History, Clinical and Paraclinical Findings of Six Patients With Congenital Hyperinsulinism

Plasma glucose, insulin, insulin/glucose ratio, cortisol and growth hormone levels have been measured and presented in Table 1.


Our protocol for management of the patients was as follows: all the patients on the first day of admission and after the establishment of the diagnosis were treated with glucose infusion, such as serum dextrose water 12.5% - 15% with high rate (10 cc/kg/min) as a conservative therapy and the treatment was continued with diazoxide as the first line of therapy to maintain euglycemia. In three patients, octreotide or glucagon were tested to inhibit excessive secretion of Insulin. The failure to achieve acceptable response after using the combination of medical treatments made surgical intervention necessary in three patients.
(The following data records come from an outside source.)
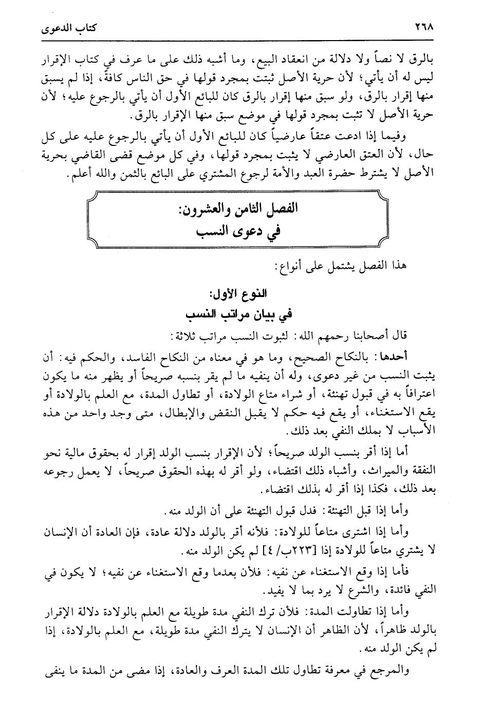 الفصل الثامن والعشرون: في دعوى النسب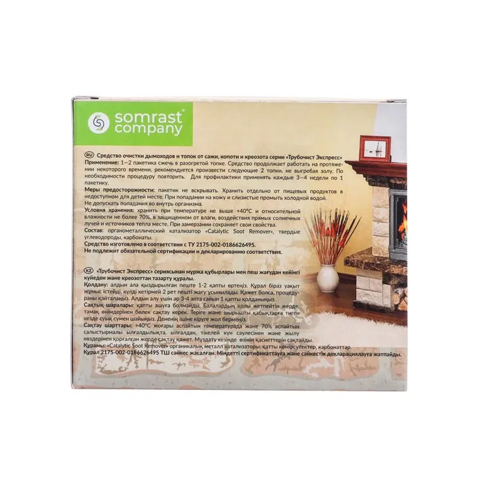 Средство для очистки дымоходов «Трубочист Экспресс» — простой и нетоксичный способ немеханической очистки от сажи, креозота и копоти для дымоходов и внутренних поверхностей топок, печей, теплообменников, каминов, работающих на твёрдом топливе. Не вызывает коррозии. Заменяет механическую очистку.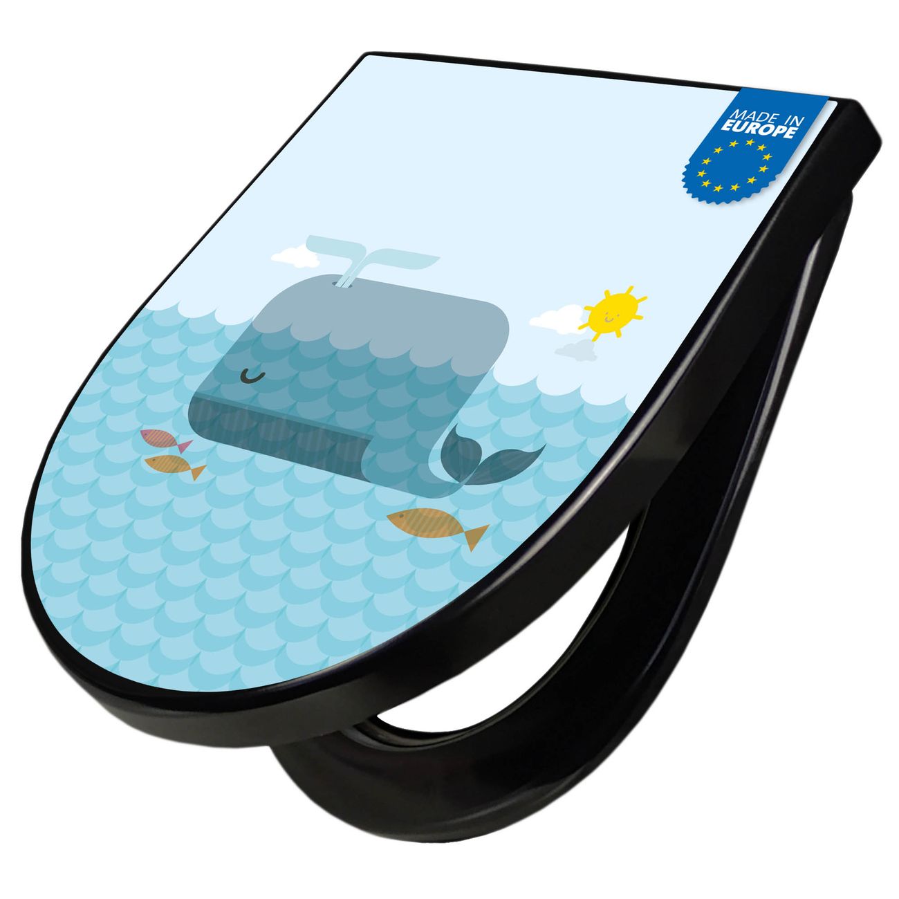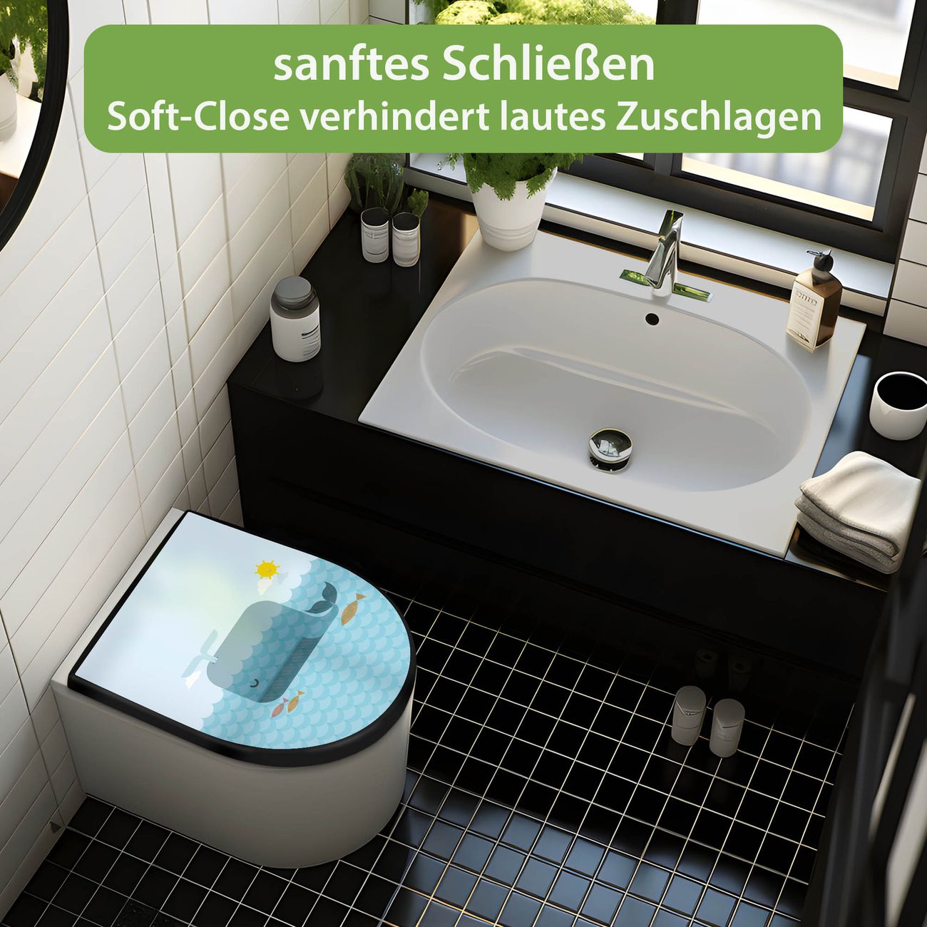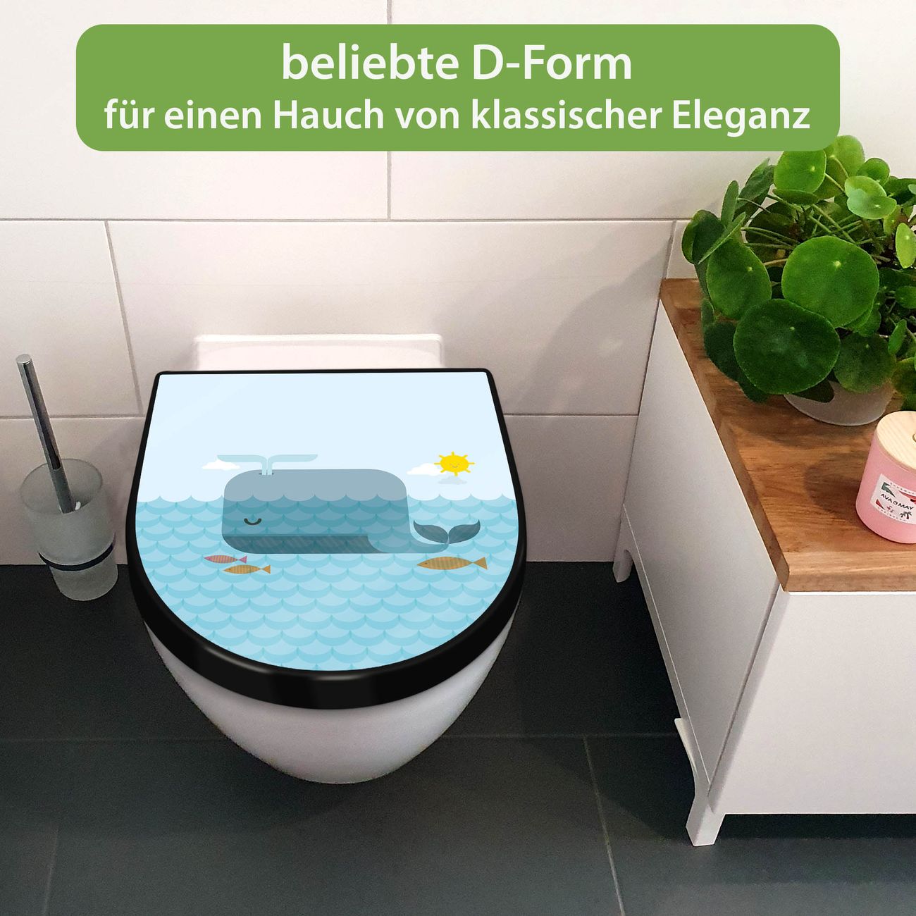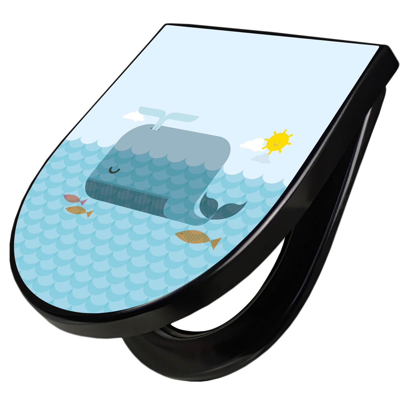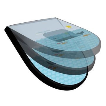 WC Sitz D-Form Schwarz mit Absenkautomatik Motiv Schlafender Wal

Patients underwent echocardiography, electroencephalography and different radiological studies. These patients underwent brain-computed tomography (n = 3), abdominal and pelvis ultrasonography (n = 3), chest X-ray (n = 3), echocardiography (n = 1), and electroencephalography (n = 3) with the results summarized in Table 1.


The patients, who did not respond to medical treatment, underwent surgical treatment, depending on either focal or diffuse histopathological form, partial or near-total pancreatectomy was respectively recommended. All resected pieces of pancreas were investigated pathologically. The mean medical treatment period for those who underwent surgical treatment was 61 days (range from 34 to 94 days).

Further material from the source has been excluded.